Any suggestions or ideas would be greatly appreciated.
 

Attachments

  • Proxmox.png
    Proxmox.png
    76.8 KB · Views: 9
Such as:
"entered blocking state"
"kernel: RIP: 0010:lock_page_memcg+0x23/0xa0"
"kernel: RIP: 0033:0x7f9226d95699"
please post the complete trace and a few lines around it - then we might have a better idea where the issue is
(please post as text inside code tags)
 
Here are the logs that I keep getting, Not sure where it starts. I kept seeing kernel issues so i think it starts from there



Code:
May 28 08:51:33 prometheus kernel: BUG: Bad page state in process swapper/2  pfn:18aa29
May 28 08:51:33 prometheus kernel: page:00000000492de447 refcount:2 mapcount:1 mapping:00000000e9f6a074 index:0x9 pfn:0x18aa29
May 28 08:51:33 prometheus kernel: memcg:ffff98eca0ece000
May 28 08:51:33 prometheus kernel: aops:ext4_da_aops ino:6090b dentry name:"netstandard.dll"

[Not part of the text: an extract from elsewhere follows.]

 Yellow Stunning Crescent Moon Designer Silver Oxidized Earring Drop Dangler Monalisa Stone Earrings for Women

May 28 08:51:33 prometheus kernel: flags: 0x17ffffc0020016(referenced|uptodate|lru|mappedtodisk|node=0|zone=2|lastcpupid=0x1fffff)

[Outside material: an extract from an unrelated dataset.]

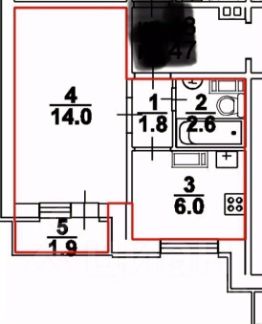 Общая площадь: 24.4 м (жилая 14 м)

May 28 08:51:33 prometheus kernel: raw: 0017ffffc0020016 dead000000000100 dead000000000122 ffff98ecc0926308
May 28 08:51:33 prometheus kernel: raw: 0000000000000009 0000000000000000 0000000200000000 ffff98eca0ece000
May 28 08:51:33 prometheus kernel: page dumped because: page still charged to cgroup
May 28 08:51:33 prometheus kernel: Modules linked in: tcp_diag inet_diag nft_limit xt_LOG nf_log_syslog xt_limit xt_comment xt_tcpudp nft_chain_nat xt_MASQUERADE nf_nat xt_state xt_conntrack nf_conntrack nf_defrag_ipv6 nf_defrag_ipv4 nft_compat nft_counter binfmt_misc veth nls_utf8 cifs cifs_arc4 cifs_md4 fscache netfs nf_tables bonding tls softdog nfnetlink_log nfnetlink snd_hda_codec_hdmi intel_rapl_msr intel_rapl_common intel_tcc_cooling x86_pkg_temp_thermal snd_hda_codec_realtek intel_powerclamp snd_hda_codec_generic coretemp ledtrig_audio mei_hdcp kvm_intel kvm irqbypass crct10dif_pclmul ghash_clmulni_intel aesni_intel crypto_simd cryptd snd_hda_intel snd_intel_dspcfg snd_intel_sdw_acpi rapl intel_cstate i915 pcspkr snd_hda_codec intel_wmi_thunderbolt efi_pstore snd_hda_core snd_hwdep ttm snd_pcm mxm_wmi snd_timer drm_kms_helper snd soundcore ee1004 cec rc_core i2c_algo_bit mei_me fb_sys_fops syscopyarea sysfillrect sysimgblt mei intel_pch_thermal mac_hid zfs(PO) acpi_pad zunicode(PO) zzstd(O) zlua(O)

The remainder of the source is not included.